Regla #1 No confíes en una bruja

Layla parecía buena con sus enormes rizos negros y su capucha escarlata y esos ojos que hipnotizan a cualquiera.

— ¿Qué quieres que haga?

—Como sabes no he cumplido la mayoría de edad por lo que no puedo salir del mundo sola pero necesito saber algo y no quiero ir yo a averiguarlo, por eso iras tu y me traerás la información

—Pero…

—Sí, si, lo sé tú tampoco puedes pero tú eres un cambiante, a ti se te hace más fácil salir, camuflarte entre la gente si haces todo lo que diga nadie se enterara que saliste, que dices Armando ¿Tenemos un trato?

Regla #2 No hagas tratos con una bruja pueden haber letras pequeñas

—Hecho—Cerramos el trato

—Te veo al anochecer en la entrada y una cosa no le cuentes de esto a nadie nos podría ir mal a los dos más a ti que a mí.

Eso lo sabía muy bien.

Esa noche nos encontramos la veía diferente sus ojos estaban más oscuros y se había pintando los labios de un rojo intenso y llevaba una chaqueta de cuero.

—Listo

—Todavía no me has dicho lo que tengo que hacer

—Tienes que ir a la ciudad y buscar a este tipo—Me enseño una foto, era un chico rubio con grandes ojos azules y tez clara

—Entendido, ¿tienes alguna idea de donde se pueda encontrar?—Layla se quedo seria mirando al horizonte

—No, pero sé que puedes encontrarlo

—No puedo pasar por la puerta ahí están las guardianas me van a preguntar el motivo de mi salida

—Una de ellas es mi madre yo la distraigo, tu usas tus habilidades eres un cambiante simplemente transfórmate en un animal no se tal vez un gato para que te pueda esconder en mi chaqueta

No entendía porque su desesperación se supone que es una bruja podía salir y arreglársela sola para que no la descubrieran, pero algo me decía que había otro motivo por el cual no quería ir ella a averiguar.

Me convertí en un gato y ella me escondió en su chaqueta

—Que lindo —Caminamos hacia la salida —Hola madre

—Layla ¿qué haces aquí?

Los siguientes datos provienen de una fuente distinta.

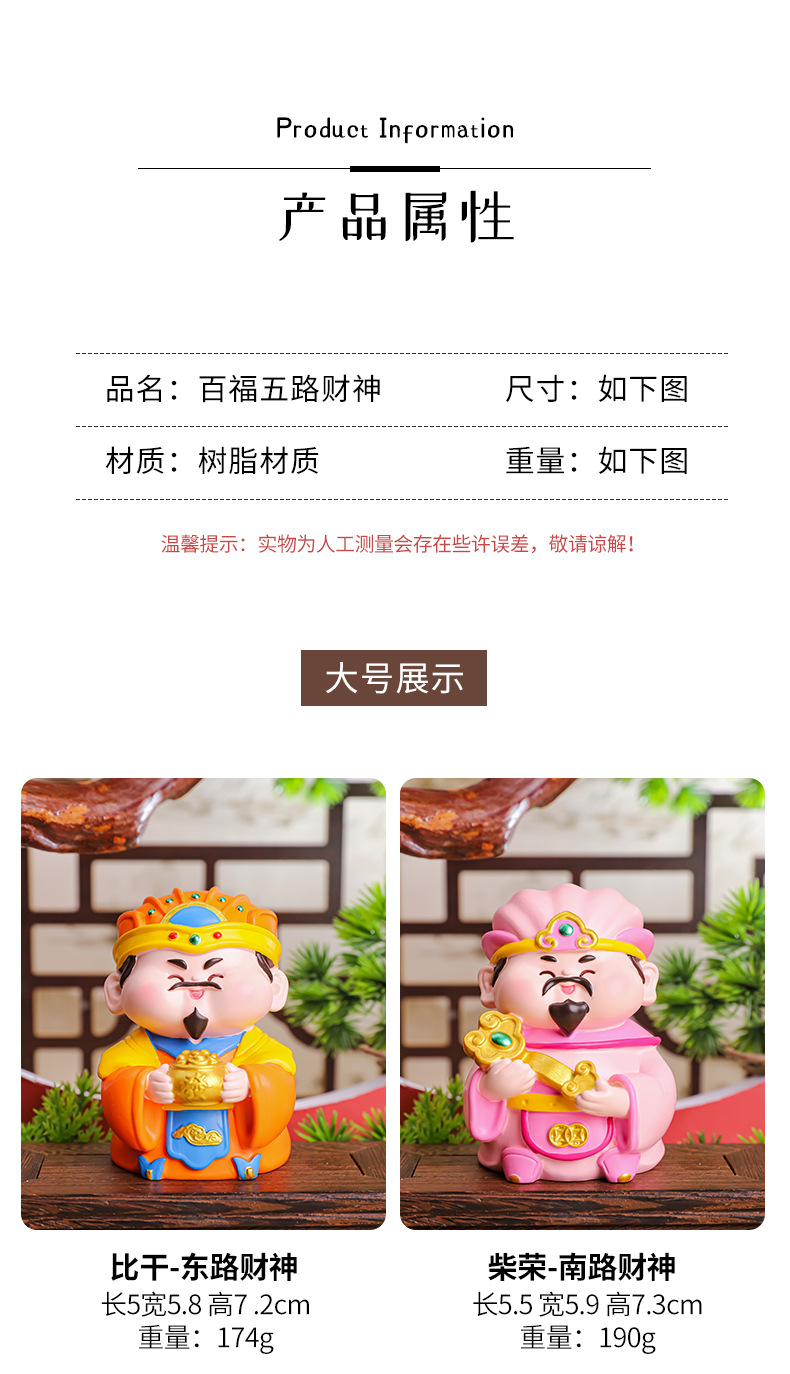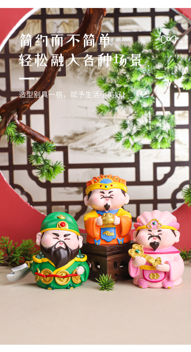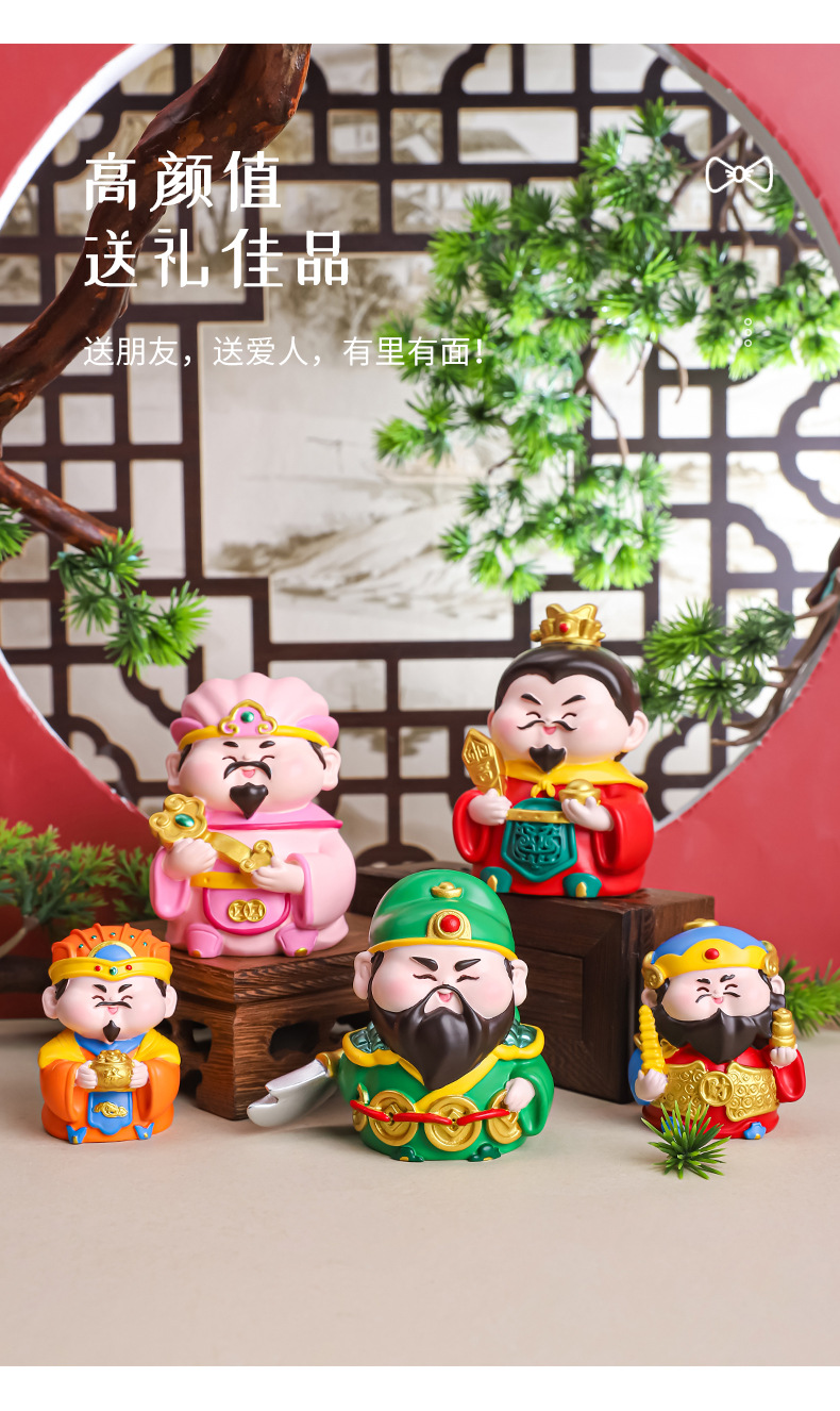 부 수지 공예의 바이푸 울루 신 장식 부의 귀여운 작은 신 중국 스타일 홈 장식 자동차 장식품 축제

Deberías estar en la casa

—Necesitaba tomar aire fresco, además quiero ir a ver las luces

—Layla, sabes que no puedo dejarte salir

—Por favor madre, estaré justo ahí no me moveré

—Que dices Alumbra ¿la dejamos salir?—Le pregunto la madre de Layla a su compañera

—Si es solo a ver las luces, no veo el problema

—Gracias—y salimos, me puso en el suelo y me volví a transformar, note que había algo diferente en su cabello estaba lacio.

— ¿Que le paso a tu cabello?

—No sé, siempre pasa cuando salgo del mundo—caminamos un poco para salir de la cueva

Si, una de las entradas al mundo mágico de las brujas eran una gran cueva en la cima de una montaña, ningún normal tenía tiempo como para subir hasta aquí y entrar en la cueva.

—Bueno aquí estamos—La note un tanto nerviosa—Búscalo y dime lo que hace, quiero que le tires una foto pero no te puedo dar mi celular porque sé que no puedes llevarlo contigo, así que toma —Me pasó un collar—Puedes tirar fotos con él y como es un collar no desaparecerá o perderá cuando te transformes

—Primero necesito saber cuál es tu vinculo con esa persona y aunque sea una ubicación para saber dónde buscar

—Es mi novio, es un hechicero del otro mundo hace tiempo se fue a vivir con los normales pero nunca me dijo el motivo y aunque a veces hablamos y él asegura que me dice todo, quiero saber el motivo real de su partida

—Pero puedes hipnotizarlo y hacer que hable—Layla sonrió

—Créeme las brujas enamoradas somos muy torpes y débiles, mis hechizos no funcionan con él

Regla#3 No te metas con los sentimientos de una bruja, son muy frágiles e inestables

—La última vez que lo vi , estaba…Ves aquella luz rosa que resalta entre todas—Mire hacia donde se me señalaba, las luces se veían fantásticas desde aquí parecían estrellas

—Si

—Es un pueblo, y en ese pueblo hay una fuente de sirena, el vive cerca de ahí — Esa luz estaba muy lejos

—Bueno me iré, estaré aquí mañana al anochecer—Ella me miro y yo me iba a transformar en un águila

—Espera—Me abrazó—Gracias—Me quede inmóvil, ¿acaso había recibido un abrazo de una bruja?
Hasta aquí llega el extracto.